Recorded data START

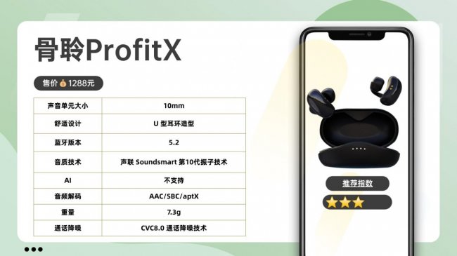音频方面,PROfitx搭载第十代Sound Smart骨传导换能器,高灵敏振子支持4Hz到40kHz的宽频响应。机身达到IP67防尘防水等级,日常出汗或溅水不成问题。内置高通QCC3040芯片,10米内信号稳定,声音清晰细腻。
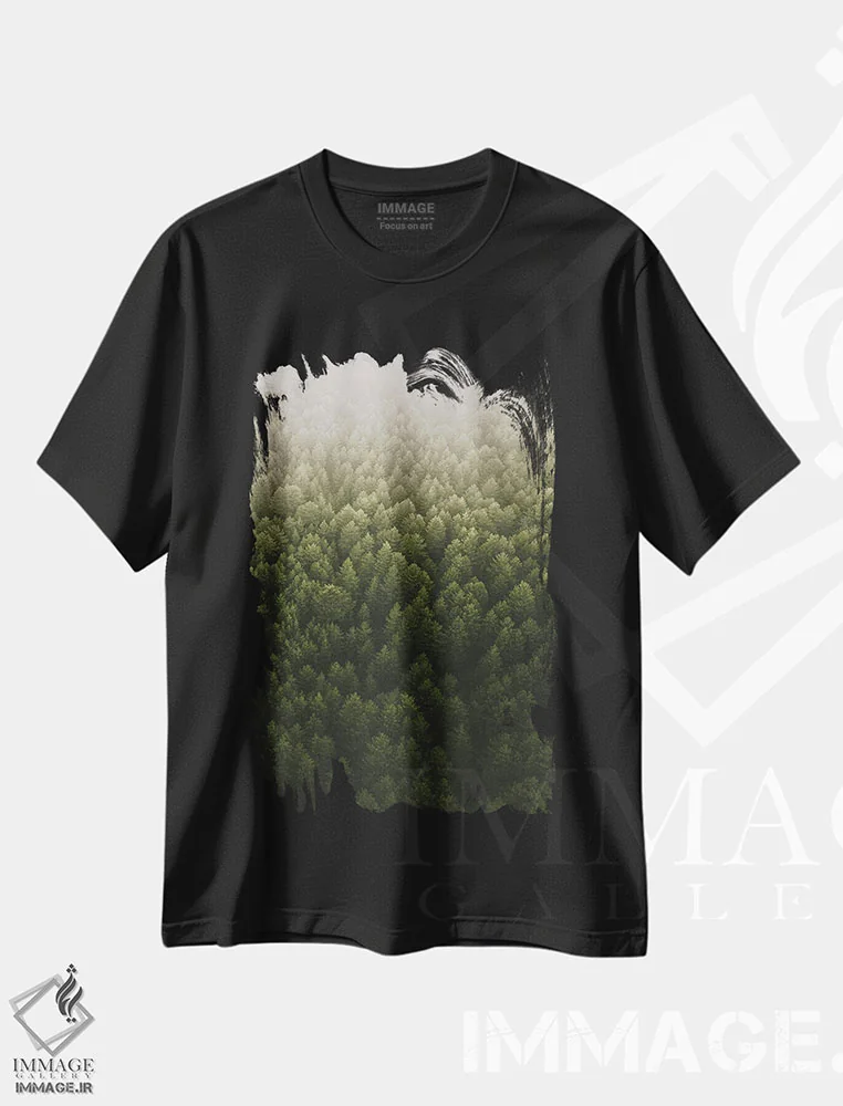 تیشرت مشکی طرح دار درختان کاج، عکاسی هوایی اثر آندریا کاروزو | فروشگاه ایماژ تیشرت طرح دار درختان کاج اثر آندریا کاروزو
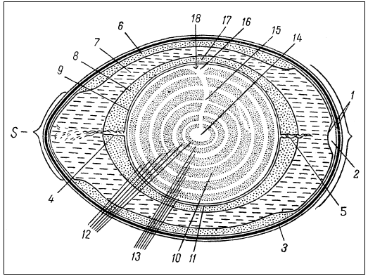 Рис. 1. Схема строения куриного яйца: 1 – подскорлупные оболочки; 2 – воздушная камера; 3 – скорлупа; 4, 5 – градички; 6 – наружный жидкий слой белка; 7 – средний плотный слой белка; 8 – средний жидкий слой белка; 9 – внутренний плотный слой белка; 10 – желток; 11 – желточная оболочка; 12 – слои желточного желтка; 13 – слои светлого желтка; 14 – латебра; 15 – шейка латебры; 16 – ядро Пандера; 17 – желточная оболочка; 18 – зародышевый диск
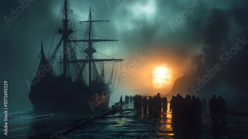 © Linus, Obraz premium A group of people are walking on a pier next to a large ship
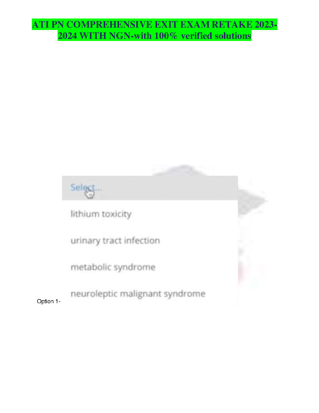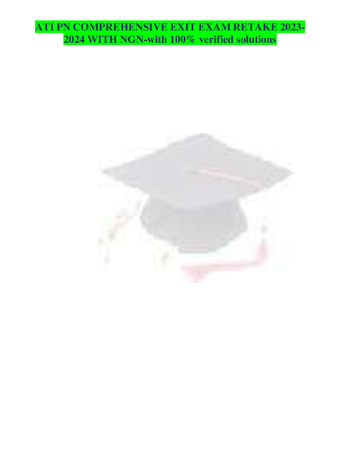 Ace your ATI PN Comprehensive Exit Exam Retake with this comprehensive study guide! It includes 100% verified solutions and is updated for 2023-2024 to ensure you're prepared for the latest exam content. Get the confidence you need to pass your exam on the first try and avoid any resits.
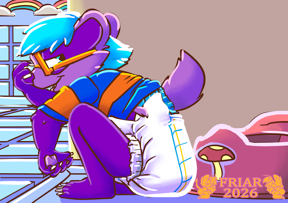 Illustration of Everett the wet and messy diapered badger crouched next to a training potty in the pushies school nursery stall, pushing up his glasses. "As you can see, potty training isn't for me."
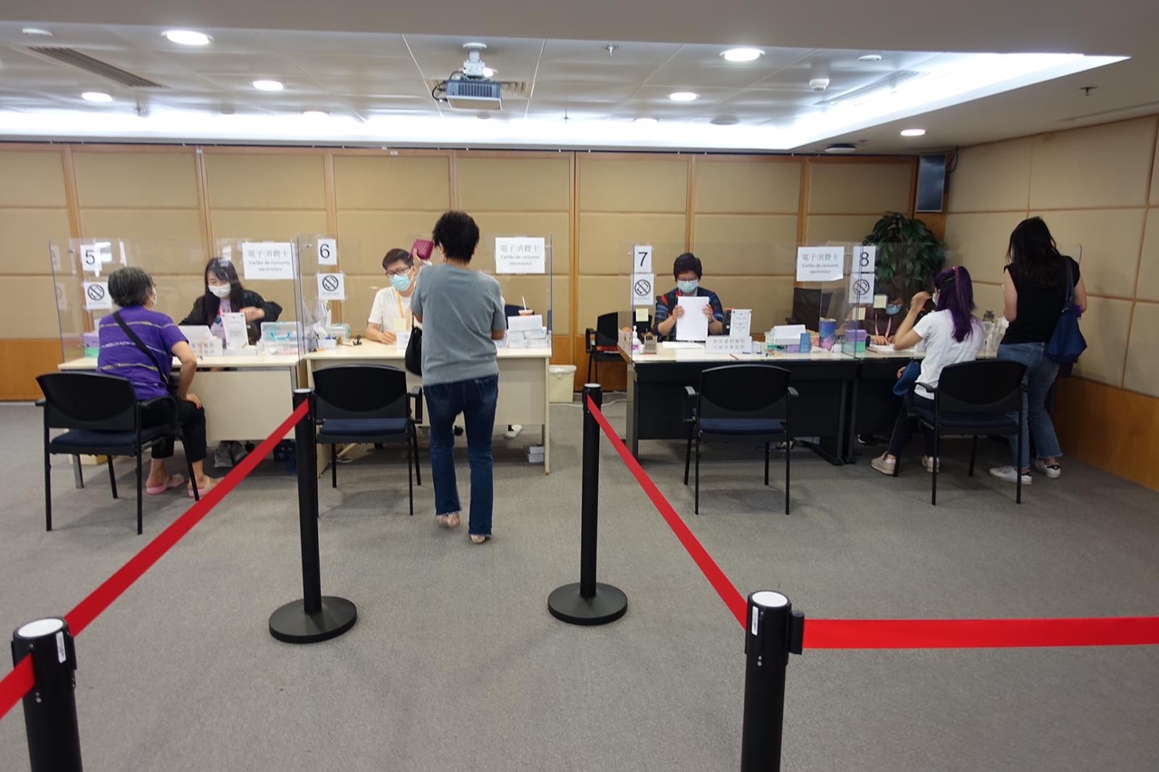 特區政府呼籲已登記但未領取第一期消費卡的居民,最遲須於今(17)日的辦公時間內,到以下4個指定政府服務點領卡:
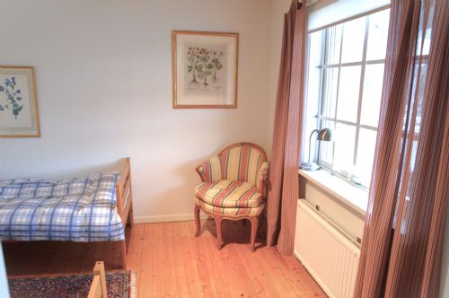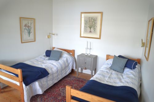 Sovrum tre som är ett stort familjerum har 3 bäddar och en öppen spis. 1 dubbelsäng + 1 st enkelsäng 90 cm med skön madrass.
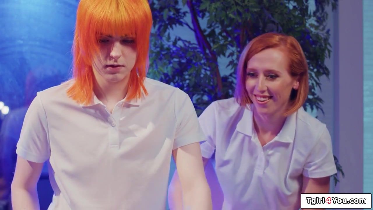 Small tits tgirls Shiri Allwood n Jean Hollywood give a massage to a busty girl and gets horny.The redhead trans fingers her shaved pussy as the big tits blonde deepthroats a tranny small cock.The shemale fucks her and then the other ts barebacks her
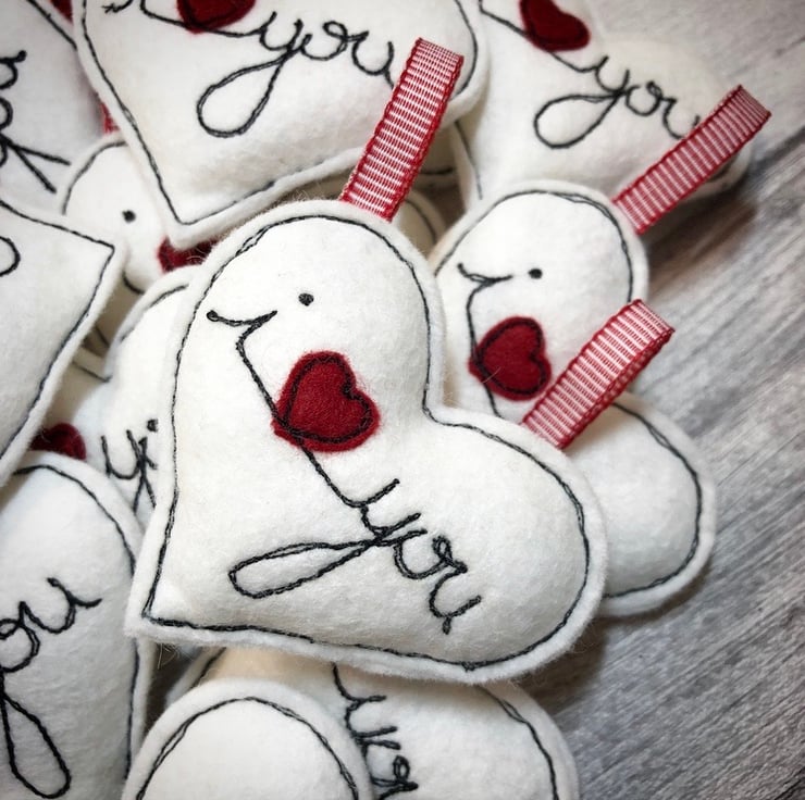 The wording is machine sewn by myself not a computer, therefore, each one is slightly different which adds to their individuality.

Recorded data END

Requirement: Given the listing above, repeat exactly the lines starting at the one with "a large ship" and ending at the one with "Ace your ATI", inclusive, excluding pictures.

Your response:
 © Linus, Obraz premium A group of people are walking on a pier next to a large ship
 Ace your ATI PN Comprehensive Exit Exam Retake with this comprehensive study guide! It includes 100% verified solutions and is updated for 2023-2024 to ensure you're prepared for the latest exam content. Get the confidence you need to pass your exam on the first try and avoid any resits.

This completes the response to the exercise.